§ **ACTIVITY**
Across the entries below, determine how many lines include the word "Blue". State only the resulting number.

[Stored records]
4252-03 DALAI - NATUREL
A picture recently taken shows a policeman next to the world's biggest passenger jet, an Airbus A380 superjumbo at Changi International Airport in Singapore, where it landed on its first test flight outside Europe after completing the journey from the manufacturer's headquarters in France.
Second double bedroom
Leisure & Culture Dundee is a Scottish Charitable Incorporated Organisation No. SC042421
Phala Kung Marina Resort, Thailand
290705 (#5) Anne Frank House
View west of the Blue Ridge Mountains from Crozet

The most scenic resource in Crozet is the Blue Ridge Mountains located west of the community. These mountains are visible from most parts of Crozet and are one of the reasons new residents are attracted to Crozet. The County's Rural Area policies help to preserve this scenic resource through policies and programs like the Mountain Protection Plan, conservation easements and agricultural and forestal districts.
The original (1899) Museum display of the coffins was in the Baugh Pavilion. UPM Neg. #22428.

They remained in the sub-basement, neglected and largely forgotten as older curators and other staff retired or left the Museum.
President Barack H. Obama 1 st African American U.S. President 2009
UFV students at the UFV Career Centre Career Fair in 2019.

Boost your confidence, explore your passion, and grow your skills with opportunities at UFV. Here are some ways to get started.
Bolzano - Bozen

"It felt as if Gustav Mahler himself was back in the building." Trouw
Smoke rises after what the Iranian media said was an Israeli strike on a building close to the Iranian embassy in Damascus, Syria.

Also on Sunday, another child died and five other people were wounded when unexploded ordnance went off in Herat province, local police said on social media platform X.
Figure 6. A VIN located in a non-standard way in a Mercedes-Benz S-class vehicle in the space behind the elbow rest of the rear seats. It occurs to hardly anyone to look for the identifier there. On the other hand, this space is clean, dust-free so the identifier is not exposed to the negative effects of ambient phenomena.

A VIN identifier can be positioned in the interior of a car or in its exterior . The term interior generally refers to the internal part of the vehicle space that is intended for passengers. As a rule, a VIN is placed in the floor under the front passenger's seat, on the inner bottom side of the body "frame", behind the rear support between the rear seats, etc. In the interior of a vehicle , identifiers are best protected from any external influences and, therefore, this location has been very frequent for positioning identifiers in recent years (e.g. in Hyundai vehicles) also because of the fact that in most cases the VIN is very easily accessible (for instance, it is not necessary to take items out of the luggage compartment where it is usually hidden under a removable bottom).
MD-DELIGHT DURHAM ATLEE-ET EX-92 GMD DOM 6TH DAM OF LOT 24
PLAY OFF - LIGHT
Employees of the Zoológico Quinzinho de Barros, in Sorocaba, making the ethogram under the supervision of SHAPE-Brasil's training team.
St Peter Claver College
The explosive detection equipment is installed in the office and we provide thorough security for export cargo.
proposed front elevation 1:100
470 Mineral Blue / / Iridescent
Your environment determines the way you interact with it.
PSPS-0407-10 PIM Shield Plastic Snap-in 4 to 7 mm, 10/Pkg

§ **OUTPUT**
3